Elsie looked at the bandage without expression for a moment. Then she leaned forward and twisted a rod I couldn't see and the right wing came off in her hand. At the same time, almost exactly as it said in Vaucanson's book, the flexible tube of the neck rose and straightened as if the duck were about to swallow.
Saulnay leaned forward as well, into the light. I strained against the rope on my wrists and let my eyes go to Johannes, but he was a good two feet away, staring back at me, and the pistol in his fist was almost touching Elsie's back.
"Again," Saulnay said. He concentrated intensely on something in the duck's motion. Then Elsie did the same thing with the left wing and placed the two wings side by side on the table, next to the envelope. I pressed my feet against the floor and made the chair legs scrape.
"Let Elsie go," I said.
"Nonsense." Saulnay picked up a tiny screwdriver with his good hand and began to probe the joint where the right wing joined the body and the rods from the now nonexistent pedestal would have turned the cams. He glanced up at Johannes. "Check your knots."
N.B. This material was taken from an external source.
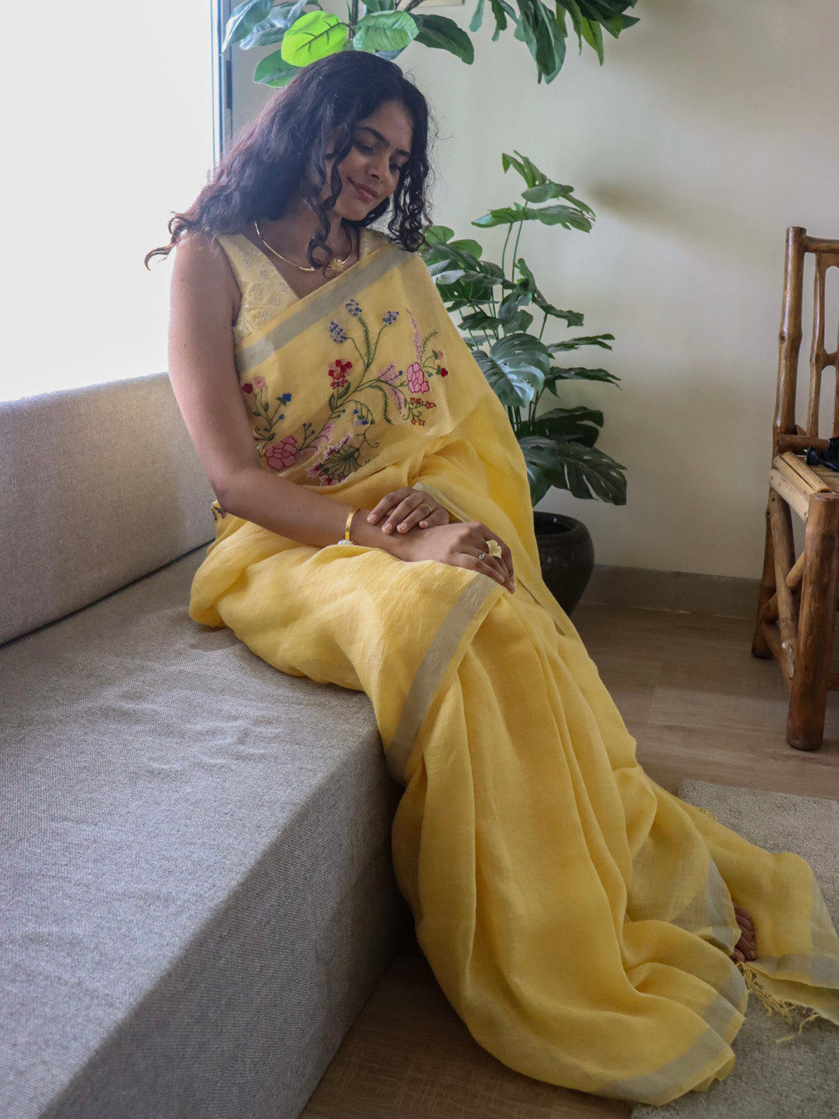 Woven in pure natural linen, these sarees are soft, breezy, and full of charm.

Johannes was broad-shouldered and angular, not heavy and flabby like his uncle. He had changed his quilted Alsatian jacket for a heavy wool blouson and a black roll-necked sweater and I could smell the sweat and oil on it as he came close. He knelt and stretched out his left hand to test the knots, but he kept the pistol in his right hand carefully back. After a second I recognized it as the same Webley revolver he had used before, at the Métro, a deadly efficient weapon, elegant and brutal in the best English tradition.